I went through the same thing..wife leaving abruptly...saying she just don't feel in love anymore...that she needs space to think it over. But most of the time...this crazy push/pull behavior.

DO NOT SEND AN ANNIVERSARY CARD. DO NO SUCH THING. And I'll tell you why:
People in affairs for the most part (unless they are a sociopathic narcissist) know they are doing wrong. But they have been telling themselves so much lies and false justifications to get in a affair...that they achieve a state of total selfish denial. They blind themselves that this is a destructive act..instead they feed off of the belief that they deserve this, that it makes them feel good, yet they try to hide it as much as they can. They don't realize that it slowly takes over like a drug addiction...and the euphoria is strong enough to question if they actually have real feelings for their affair partner. At the same time, they are losing normal feelings for anyone and anything...and they start investing more and more to it...leaving nothing for their other relationships. Which is why in affairs, you will see them dress better (buy their own underwear), isolate and get more secretive and demanding with their "privacy", and grow more irritable about little things. Suddenly, they just feel claustrophobic in the marriage...like they are constricted. You sense the change in mood. You start to inquire..get pushed away. You then feel worried or insecure...more pushed away. They act oddly or disappear...you try to confront them...they blow up in your face...lying, blaming, deflecting...anything to put the blame on you...that YOU are the crazy one!! Sound familiar????
Don't question your insanity for another second.
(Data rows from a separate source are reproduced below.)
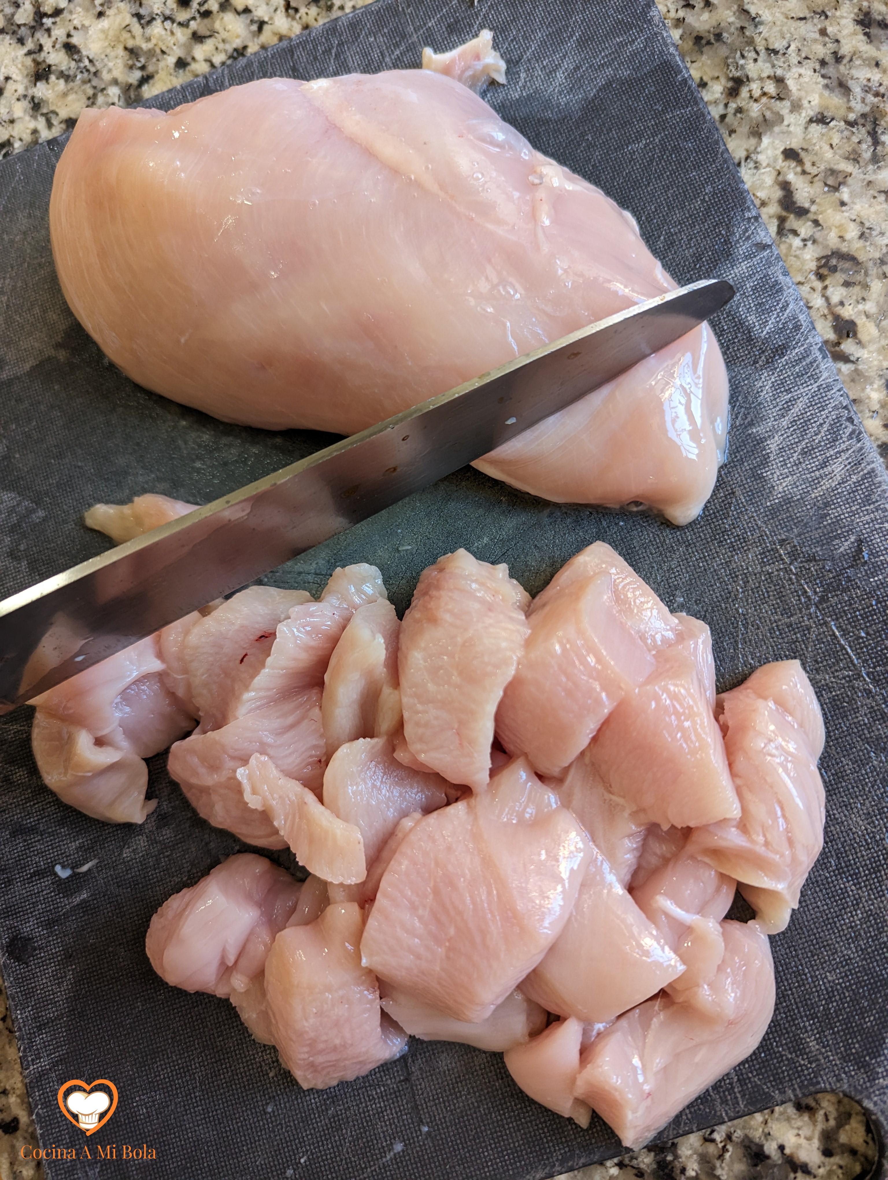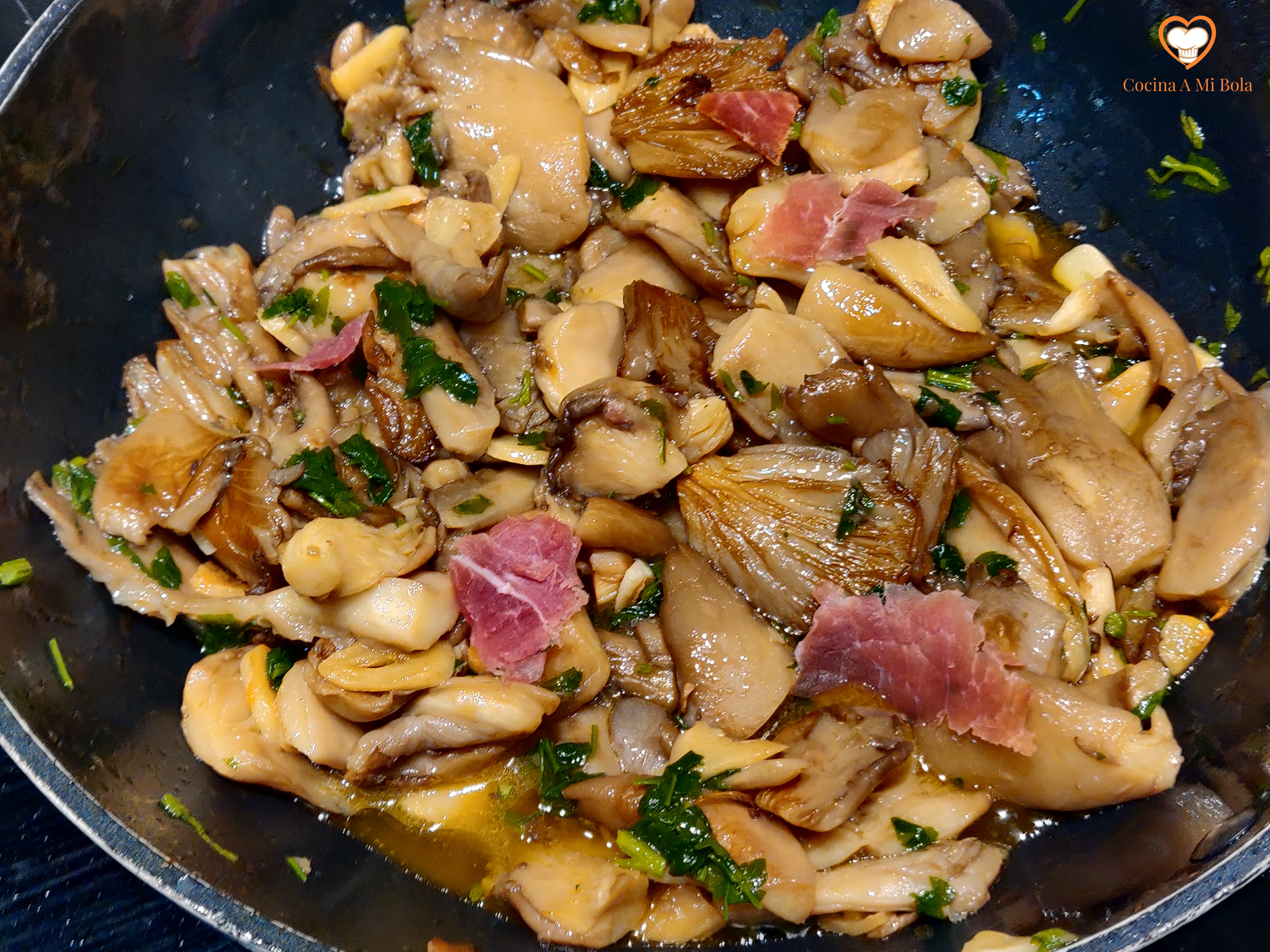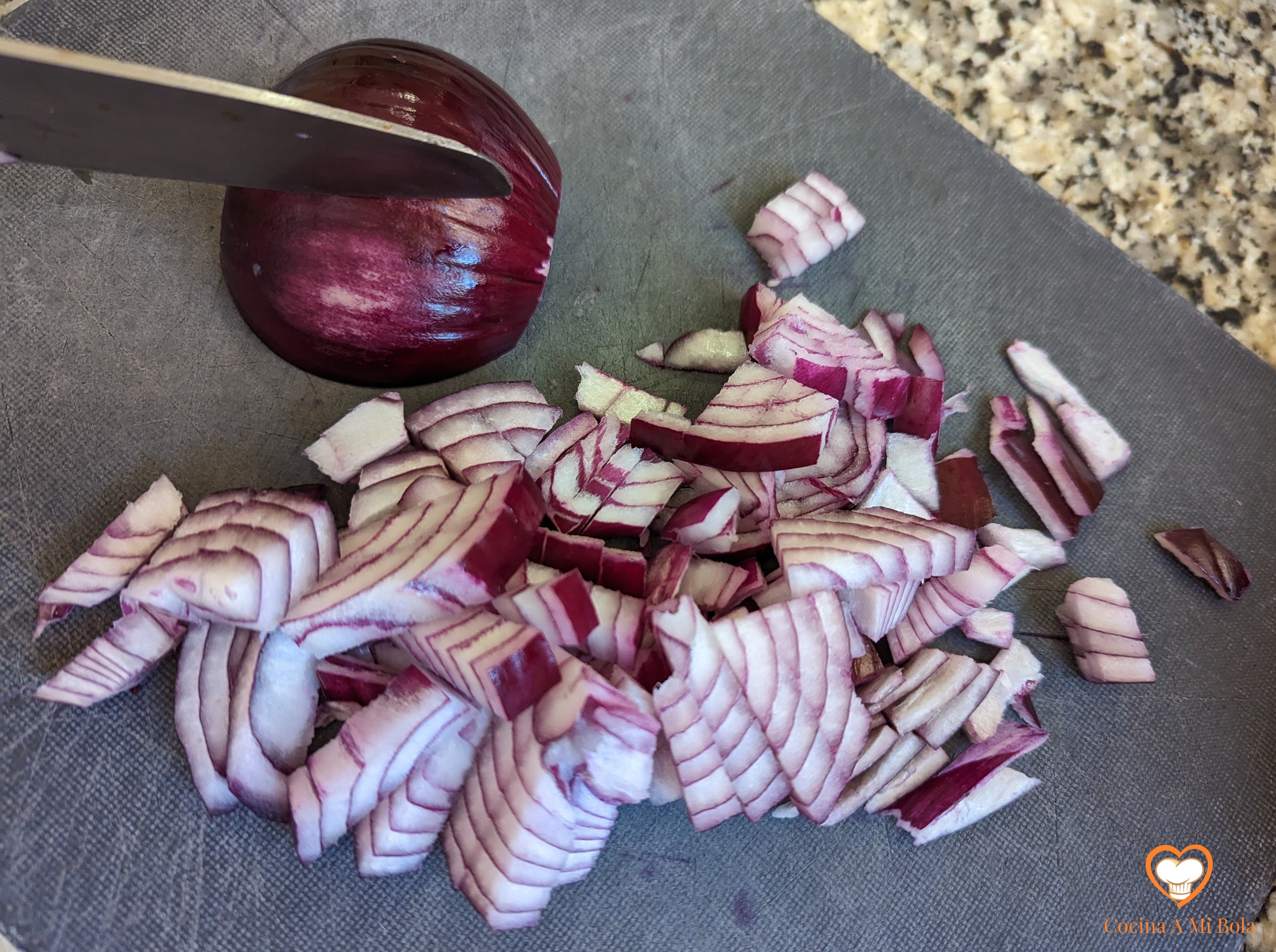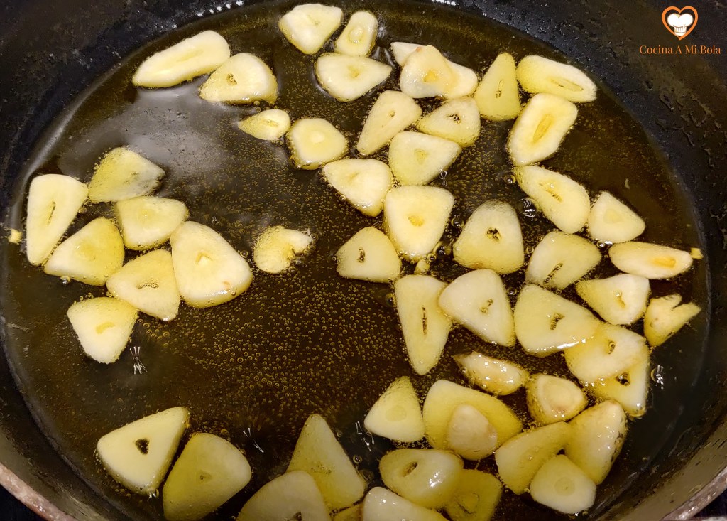 QUINTO.- Corta unas lonchas de jamón de la pata o cómpralo al corte. Es importante que sea un jamón ibérico. Ya sé que es caro, pero tan sólo necesitarás unos 80 gramos y la diferencia con un jamón serrano normal es importante. No obstante, también estará muy rico. Tritúralo tal y como ves en la fotografía y reserva.
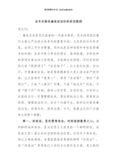 / 【七哥公文】2024年:在年末集体廉政谈话时的讲话提纲+更多免费公文+VX:QiGeGongWen2024
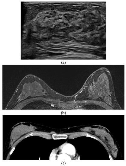 - Sardanelli, F.; Boetes, C.; Borisch, B.; Decker, T.; Federico, M.; Gilbert, F.J.; Helbich, T.; Heywang-Köbrunner, S.H.; Kaiser, W.A.; Kerin, M.J.; et al. Magnetic resonance imaging of the breast: Recommendations from the EUSOMA working group. Eur. J. Cancer 2010, 46, 1296–1316. [Google Scholar] [CrossRef] [PubMed]
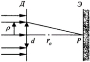 2) Дифракция – явление отклонения от прямолинейного распространения света в среде с резкими неоднородностями (края экрана экранов, отверстия и др.), что связано с отклонениями от законов геометрической оптики. Это приводит к огибанию световыми волнами препятствий и проникновению света в область тени.

He is hiding something and it probably is an affair. Read Love Must Be Tough...as well as the "180" list they talk about here. To do your part to save the marriage (if you choose to upon discovery of an actual affair), then you need to pull away. Back off. No contact. In fact, to protect yourself from the erratic and entitled out-of-control behaviors of cheating spouses...it is best to protect your finances...or other personal assets. Then go on communication shut-down...strictly business. DO NOT..cry, beg, plead, argue, threaten, flip out, preach, teach, nag...or anything THAT WILL LOWER RESPECT. This will only increase that feeling of claustrophobia...that thing that tells him "See? Nothing is going to change!!" And if he is cheating, trust me, if he calls randomly to check up on you and stuff, then he is testing, feeling it out, playing games...push/pull...because he is in an inner struggle...part of him will be in denial...other times he will be saying "What am i doing?!?!" If you crowd him, he will run away. If you back off...then that will give him space to think stuff over and get back into his rational mind. But at the same time, get a PI or something to PROVE what I am telling I already know. Heck, i could be wrong...but I highly doubt it. This is textbook cheaters beahvior 101. I AM SO SORRY for you!! You can do this. get strong. get a gameplan...don't just wait for the axe to fall...get on the ball.


----------



## Madman1 (Oct 24, 2012)

:iagree:

I'm so sorry Jamie but please follow the advice here.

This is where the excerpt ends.